Exercise data:

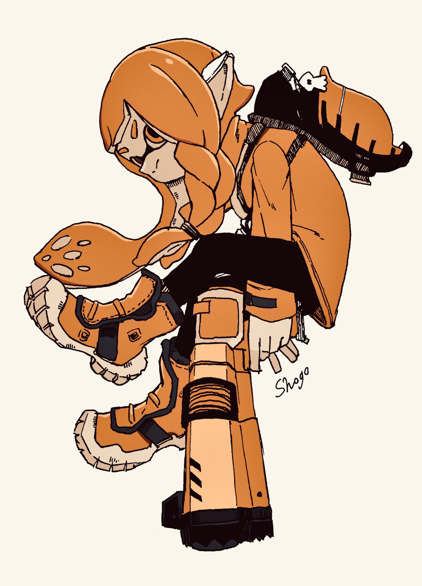 1girl agent_3_(splatoon_3) arm_between_legs artist_name asymmetrical_hair black_pants braid brown_eyes charm_(object) closed_mouth commentary_request full_body hero_shot_(splatoon_3) heterochromia highres holding holding_weapon ink_tank_(splatoon) inkling inkling_girl inkling_player_character jacket long_hair long_sleeves nintendo orange_eyes orange_hair orange_jacket orange_shoes pants pointy_ears shoes shogo_(shogo70449442) simple_background single_braid solo splatoon_(series) splatoon_3 tentacle_hair weapon white_background
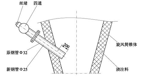 常規(guī)解決方法是打掉原Φ32鋼管周圍澆注料后更換原Φ32鋼管,這需要長(zhǎng)時(shí)間停窯。我們采取了應(yīng)急處理:
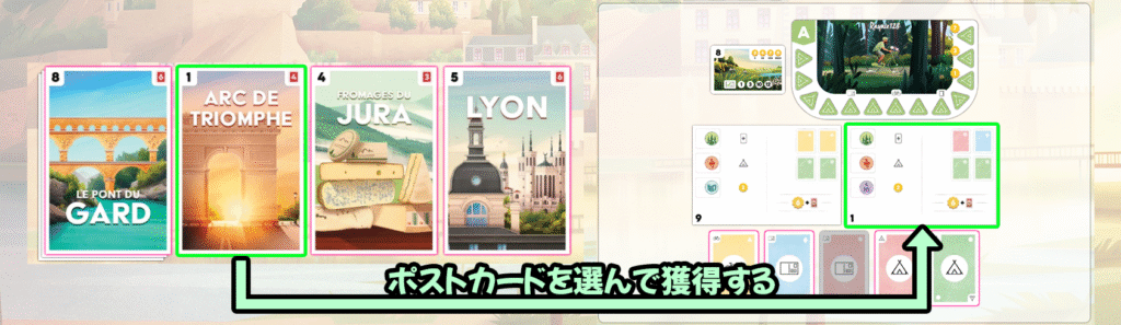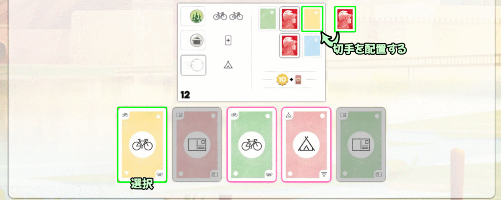 カードの色に対応するポストカードの空いている切手マスに、切手トークンを1枚配置します。(カードのシンボルは使用しません)
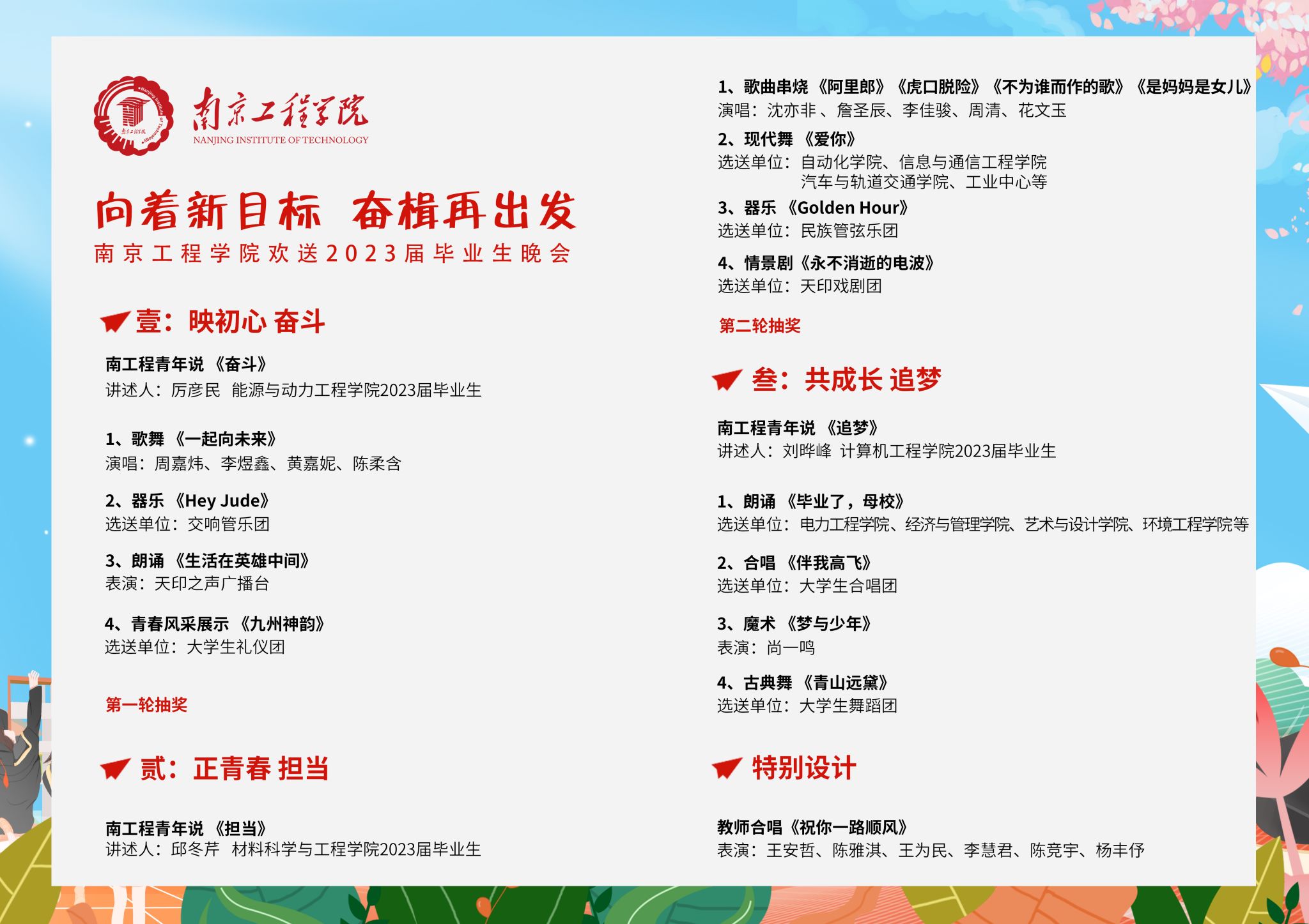 毕业季来临,为欢送2023届毕业生,表达母校对毕业生殷切的期望和美好的祝福,学校决定举办 “向着新目标,奋楫再出发”欢送2023届毕业生文艺晚会,现将有关安排通知如下:

What to do: Write out each line again, exactly as it appears above, except for any picture.

Result below:
 1girl agent_3_(splatoon_3) arm_between_legs artist_name asymmetrical_hair black_pants braid brown_eyes charm_(object) closed_mouth commentary_request full_body hero_shot_(splatoon_3) heterochromia highres holding holding_weapon ink_tank_(splatoon) inkling inkling_girl inkling_player_character jacket long_hair long_sleeves nintendo orange_eyes orange_hair orange_jacket orange_shoes pants pointy_ears shoes shogo_(shogo70449442) simple_background single_braid solo splatoon_(series) splatoon_3 tentacle_hair weapon white_background
 常規(guī)解決方法是打掉原Φ32鋼管周圍澆注料后更換原Φ32鋼管,這需要長(zhǎng)時(shí)間停窯。我們采取了應(yīng)急處理:
 カードの色に対応するポストカードの空いている切手マスに、切手トークンを1枚配置します。(カードのシンボルは使用しません)
 毕业季来临,为欢送2023届毕业生,表达母校对毕业生殷切的期望和美好的祝福,学校决定举办 “向着新目标,奋楫再出发”欢送2023届毕业生文艺晚会,现将有关安排通知如下:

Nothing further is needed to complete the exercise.